大西科学・出版情報

 このページでは、大西科学に関係した商業出版の関連情報を集約してお知らせいたしております。最終更新日は、10.8.26です。


・「ジョン平とぼくと」コミカライズのお知らせ

「しげる、ただいまー」

「ジョン平とぼくと」がまんがになって戻ってきます! 我々の世界によく似た、でもちょっとだけ魔法の存在する世界を舞台に、魔法の苦手な主人公北見重とその使い魔、犬のジョン平が活躍したり時には活躍しなかったりする学園魔法青春ライトノベル。好評をいただいたこのお話を、発売から4年、成平こうじろう先生がもんのすごくすてきにコミカライズしていただいています。いやもう、すんごいです。驚きます。人生こんなことがあっていいのかと思います(私が)。

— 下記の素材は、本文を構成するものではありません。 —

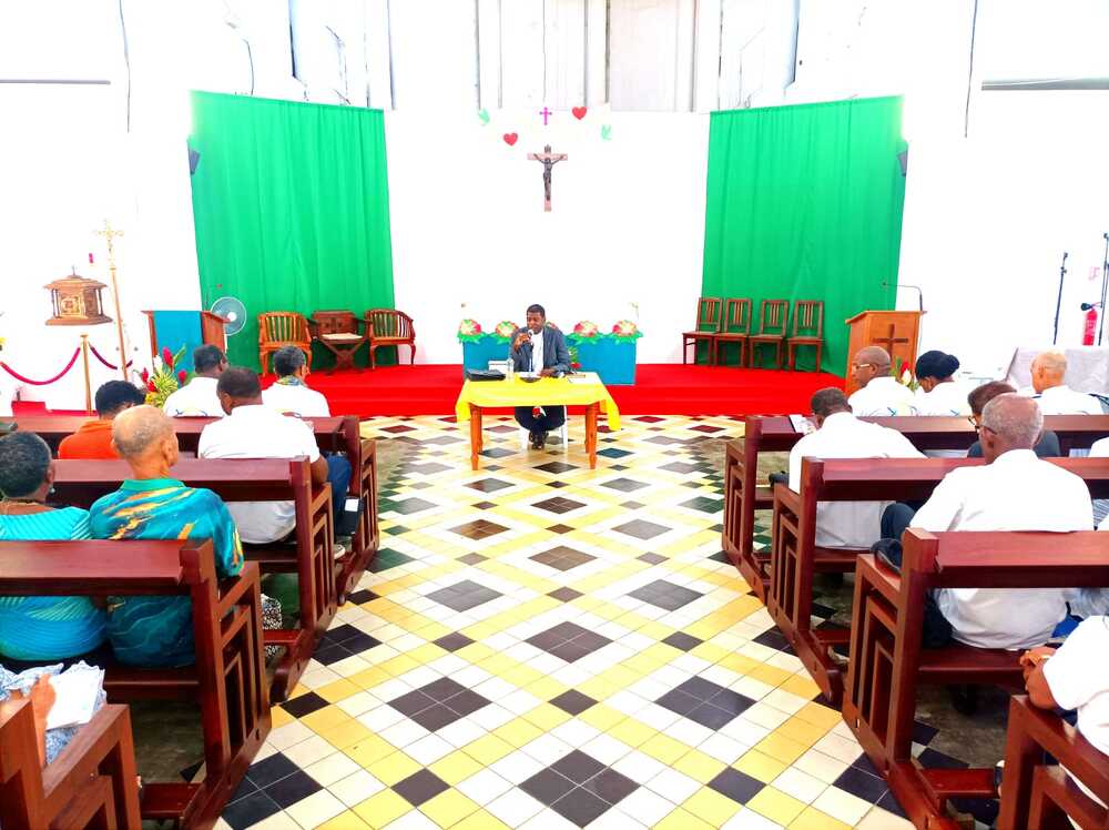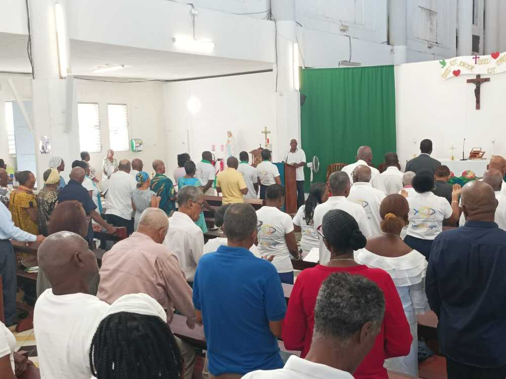 Cet exercice terminé, un moment de recueillement était dès lors proposé pour se préparer à la célébration eucharistique qu’a présidé à 10h, Mgr Philippe GUIOUGOU, avec à ses côtés le Père Godefroid, le curé de la paroisse. Une messe durant laquelle, le pasteur de notre diocèse a beaucoup insisté dans son homélie sur les grands défis que doivent relever nos familles guadeloupéennes pour incarner ce rempart de nature à prévenir les maux et dérives de notre société en rupture de repères. Après cette célébration dominicale à laquelle ont pris part également les fidèles de la paroisse, car c’était la 2ème messe, Mgr Philippe a enchainé avec son enseignement sur le thème du couple missionnaire. L’amour conjugal c’est l’annonce de l’Evangile par les actes a notamment prêché l’évêque de Guadeloupe. Le premier lieu de la mission du couple au sens de l’Eglise, c’est le foyer, a souligné Mgr Philippe GUIOUGOU, non sans avoir insisté sur la dimension vocationnelle intimement liée au mariage chrétien.

 連載の第一話は「別冊花とゆめ 11月号」(9月25日発売)にて。ぜひご覧下さい。本当にぜひ。

 白泉社「別冊花とゆめ」のページ

 GA文庫ブログでの紹介(とジョン平とぼくとコミカライズと)


pngSFマガジン2010年7月号

 早川書房刊「SFマガジン」の2010年7月号に「さよならペンギン」その他に関するインタビュウ記事が載ります。どちらかというとこのサイトをご覧の方よりは、SFマガジンを通じて私を初めて知る方への自己紹介、ということになるのだと思いますがー。肩書きは「雑文家」にしてもらいました。えっへん。

 2010年5月25日ごろ発売です。


pngさよならペンギン

 きっかけは息子だった。
 現在のところ私の息子は二人いるが、そのうち三人きょうだいの真ん中で長男であるところの小学校一年生男子。きっかけというのは、かれが突然「自分はペンギンである」と言い出したことだ。

「われはペンギン」。なにをスットンキョウなことを、とみんな思うわけだが、親であるところの私も、もちろんそう思った。実はこの子はそもそもがスットンキョウな男ではあるのだが、聞けばなるほどと思うかもしれない。幼稚園の頃、絵本かなにかで見た、コウテイペンギンの写真だ。「こうていぺんぎんは、せかいでいちばんおおきいよ」というキャプションにすっかりやられてしまったらしい。もちろん世界最大といってもそれは「ペンギンの中で」ということだと思うが、ともかく世界最大にやられた。コウテイペンギンこそが自分であり自分の目指す生物なのである、とこのときかれは自分を規定したと言えよう。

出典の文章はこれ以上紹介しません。